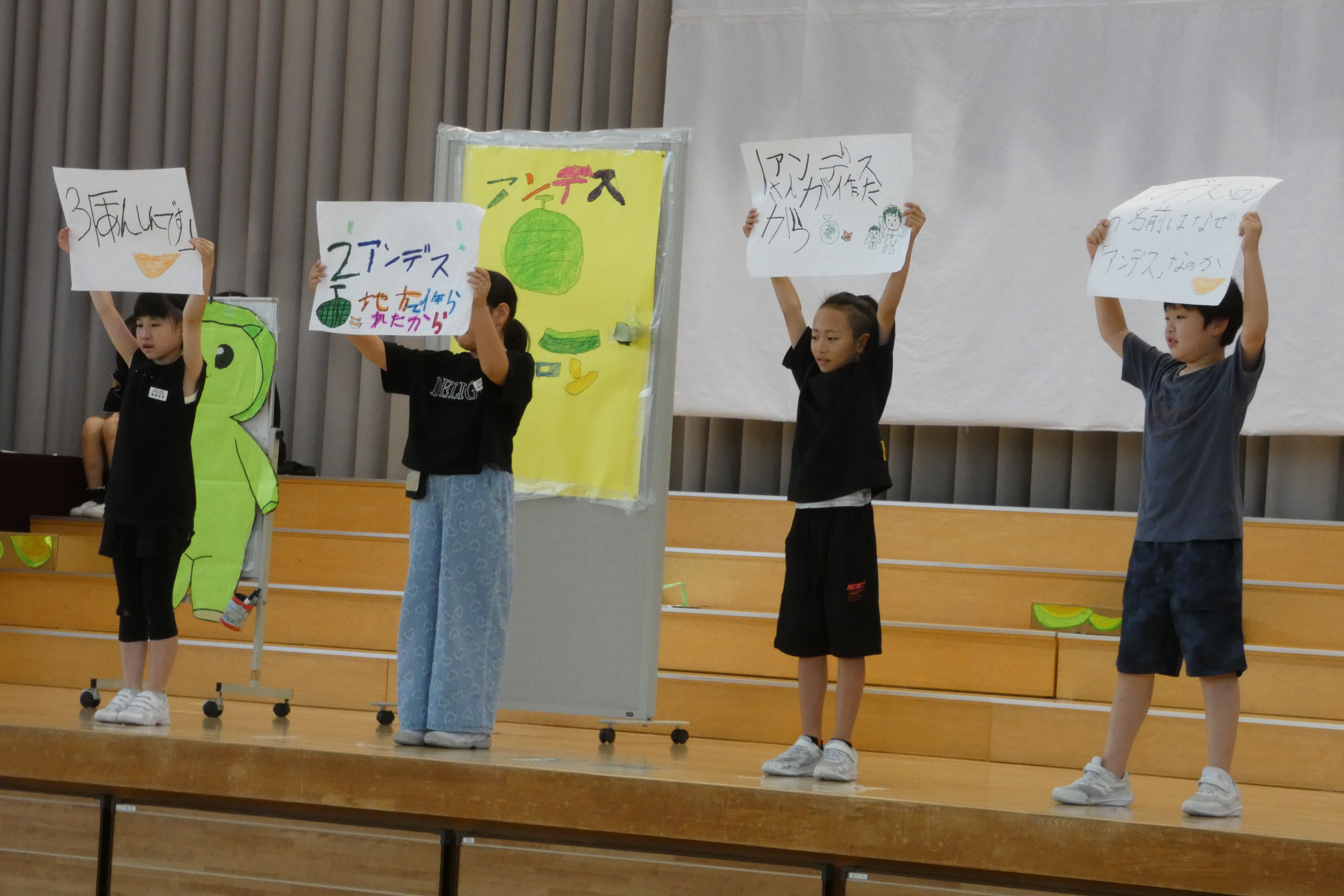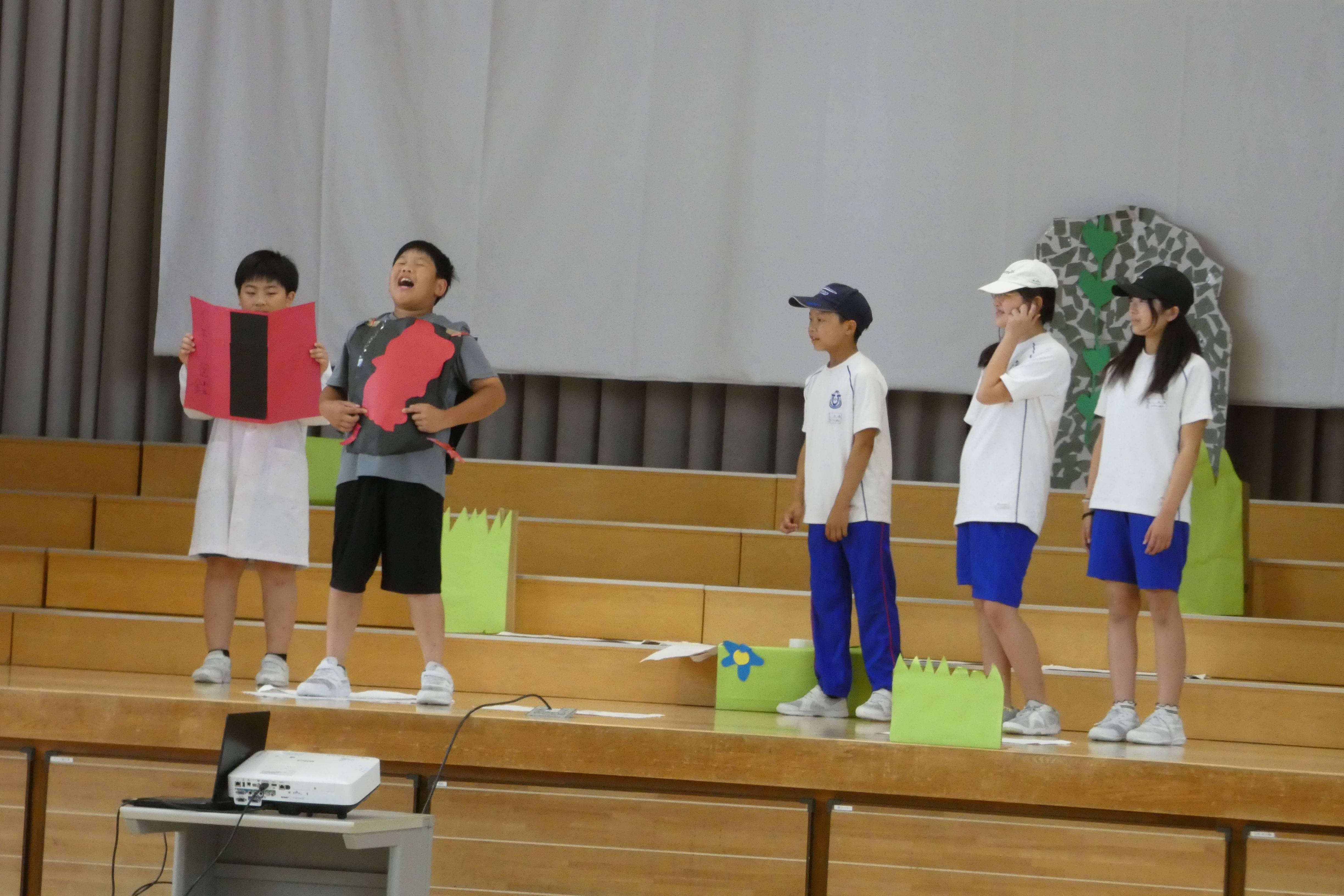今年度も朝会の時間に学習発表を行いました。 どの学年も、それまで学習したことを存分に活かし、工夫を凝らして発表しました。 【6月25日 3年学年発表】 【7月9日 5年学年発表】 【9月10日 2年学年発表】 【10月29日 1年学年発表】 【11月5日 4年学年発表】 【12月10日 6年学年発表】
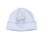 White Beanie Blue Picot Trim., 100% Pima Cotton, Made in Peru
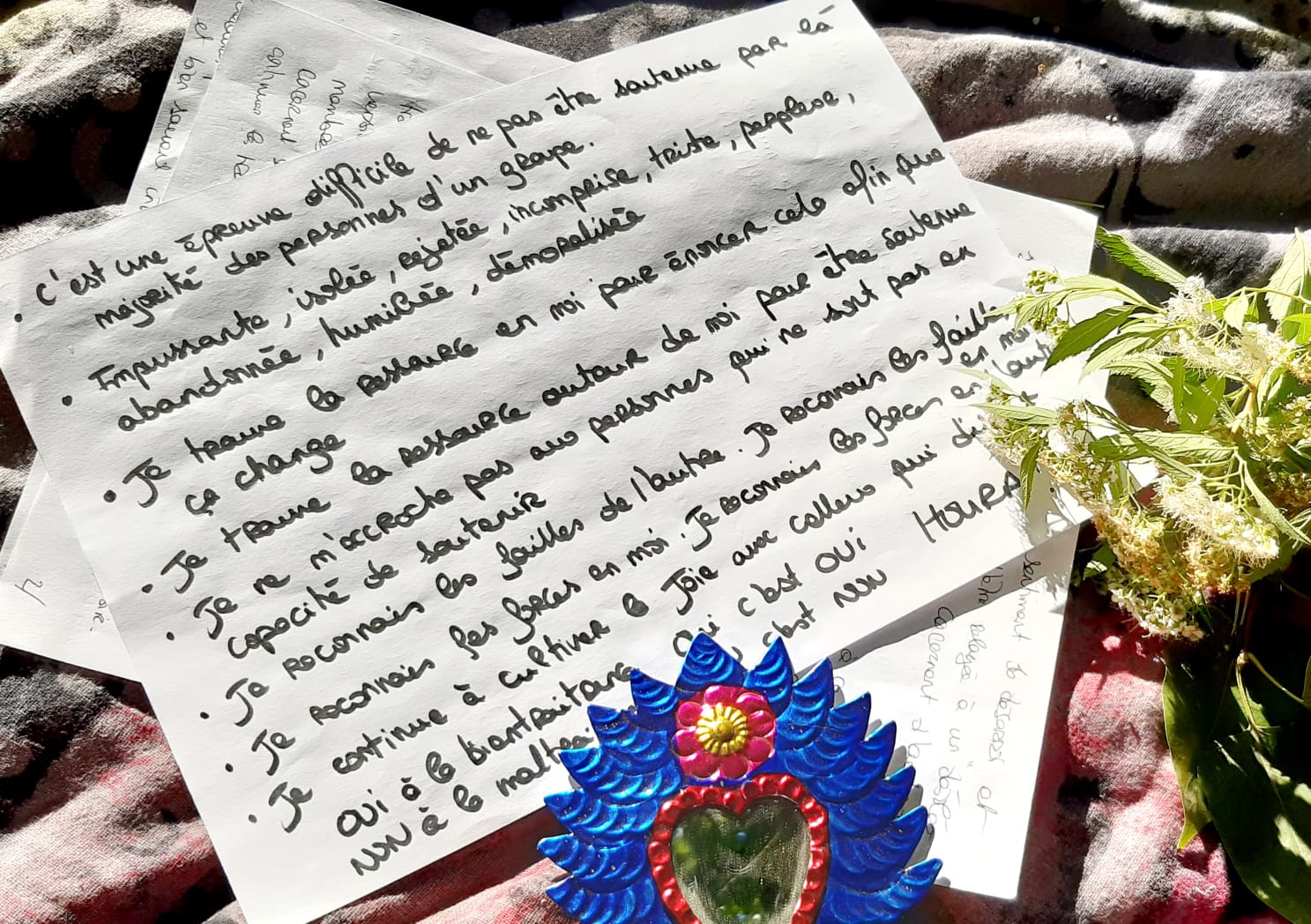 Cela fait aussi écho à ce que me partage un cher ami : « La honte peut commencer à s’apaiser quand on a plus rien à cacher » ainsi qu’à cette parole inspirante de Christiane Singer « Nous sommes en permanence nécessaires à la création quotidienne du monde. Nous ne sommes jamais les gardiens d’un accompli, mais toujours les co-créateurs d’un devenir. »
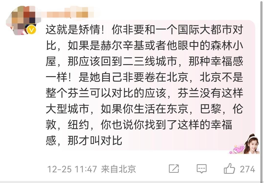 就连大V都忍不住批评这名女博主矫情,在国内自己选择在大城市卷却要责备,想要幸福感又不去二三线城市生活,要是从北京移民纽约、巴黎或东京还可以比,芬兰跟北京没有可比性。
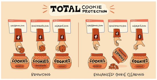 Total Cookie Protection, built into Firefox, makes sure that facebook.com can’t use cookies to track you across websites. It does this by partitioning data storage into one cookie jar per website, rather than using one big jar for all of facebook.com’s storage. With Enhanced Cookie Clearing, if you clear site data for comfypants.com, the entire cookie jar is emptied, including any data facebook.com set while embedded in comfypants.com.
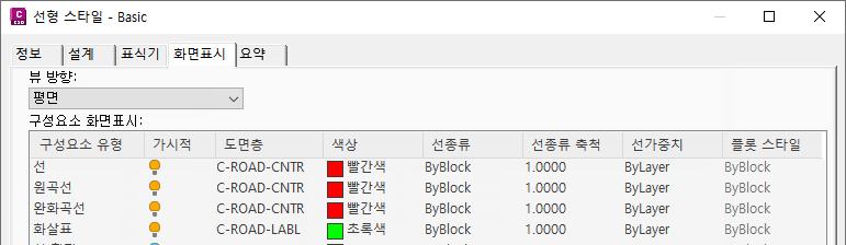 주: Layer 0에는 구성요소 화면표시 설정에서 특별한 의미가 있습니다. 도면층을 0으로 설정할 경우 해당 구성 요소에 객체 기층이 사용됩니다. 예를 들어, 선형 기층이 C-ROAD이고 선 구성요소 도면층이 0으로 설정된 경우 선형 선은 도면층 0이 아닌 도면층 C-ROAD에 위치한 것처럼 동작합니다.
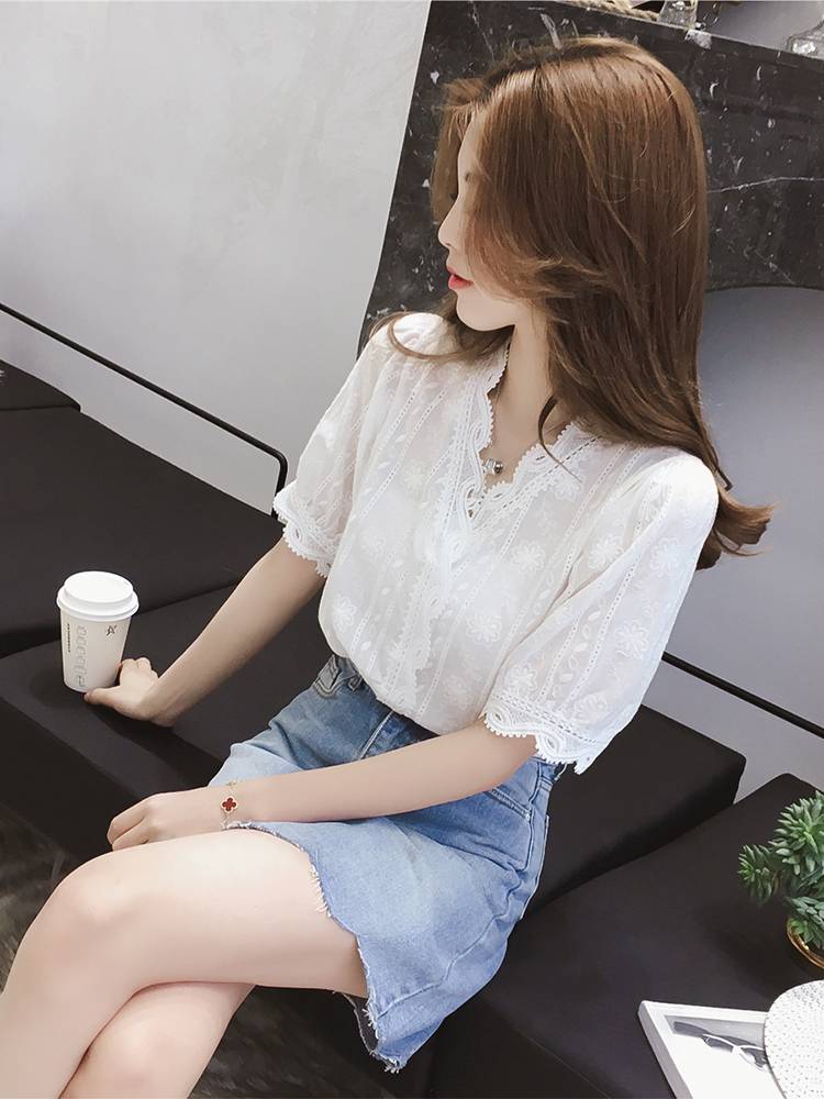 夏装2018新款V领花边灯笼袖白色洋气蕾丝衬衫女百搭超仙两件八折
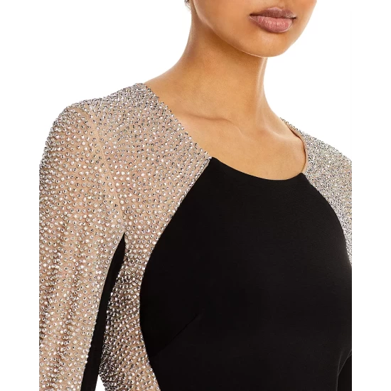 โข Model measurements: 5’10” height, 33.5″ bust, 23.5″ waist, 34.5″ hips, wearing a size 2
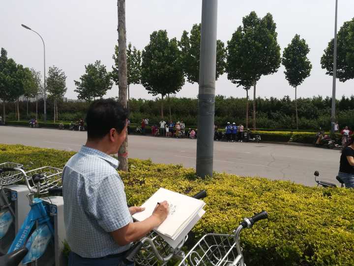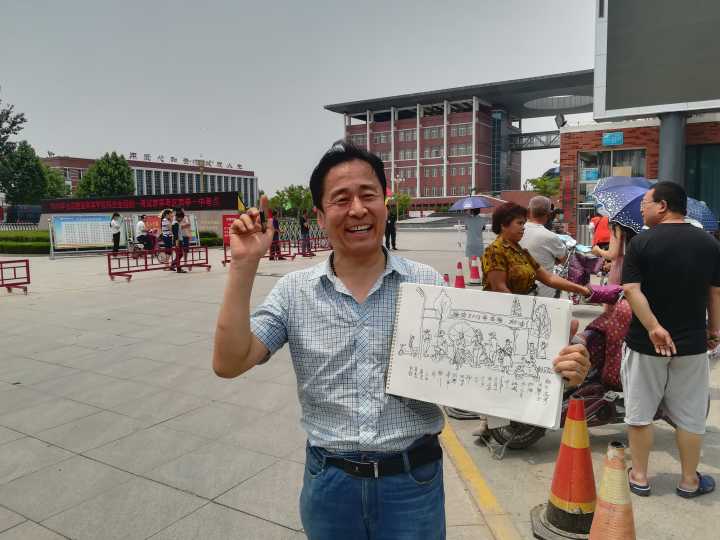 上午11点记者在寒亭一中考点看到一位家长在拿着画板在画着什么,采访得知,他正在画考场外的场面,记录下孩子高考当天的一些情景,给孩子加油,作为礼物送给孩子。
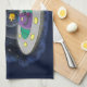 Cute happy fish ufo space cartoon illustration tea towel

=======

Activity>
Every line above should be returned exactly; the pictures stay out.

Problem solution>
今年度も朝会の時間に学習発表を行いました。 どの学年も、それまで学習したことを存分に活かし、工夫を凝らして発表しました。 【6月25日 3年学年発表】 【7月9日 5年学年発表】 【9月10日 2年学年発表】 【10月29日 1年学年発表】 【11月5日 4年学年発表】 【12月10日 6年学年発表】
 White Beanie Blue Picot Trim., 100% Pima Cotton, Made in Peru
 Cela fait aussi écho à ce que me partage un cher ami : « La honte peut commencer à s’apaiser quand on a plus rien à cacher » ainsi qu’à cette parole inspirante de Christiane Singer « Nous sommes en permanence nécessaires à la création quotidienne du monde. Nous ne sommes jamais les gardiens d’un accompli, mais toujours les co-créateurs d’un devenir. »
 就连大V都忍不住批评这名女博主矫情,在国内自己选择在大城市卷却要责备,想要幸福感又不去二三线城市生活,要是从北京移民纽约、巴黎或东京还可以比,芬兰跟北京没有可比性。
 Total Cookie Protection, built into Firefox, makes sure that facebook.com can’t use cookies to track you across websites. It does this by partitioning data storage into one cookie jar per website, rather than using one big jar for all of facebook.com’s storage. With Enhanced Cookie Clearing, if you clear site data for comfypants.com, the entire cookie jar is emptied, including any data facebook.com set while embedded in comfypants.com.
 주: Layer 0에는 구성요소 화면표시 설정에서 특별한 의미가 있습니다. 도면층을 0으로 설정할 경우 해당 구성 요소에 객체 기층이 사용됩니다. 예를 들어, 선형 기층이 C-ROAD이고 선 구성요소 도면층이 0으로 설정된 경우 선형 선은 도면층 0이 아닌 도면층 C-ROAD에 위치한 것처럼 동작합니다.
 夏装2018新款V领花边灯笼袖白色洋气蕾丝衬衫女百搭超仙两件八折
 โข Model measurements: 5’10” height, 33.5″ bust, 23.5″ waist, 34.5″ hips, wearing a size 2
 上午11点记者在寒亭一中考点看到一位家长在拿着画板在画着什么,采访得知,他正在画考场外的场面,记录下孩子高考当天的一些情景,给孩子加油,作为礼物送给孩子。
 Cute happy fish ufo space cartoon illustration tea towel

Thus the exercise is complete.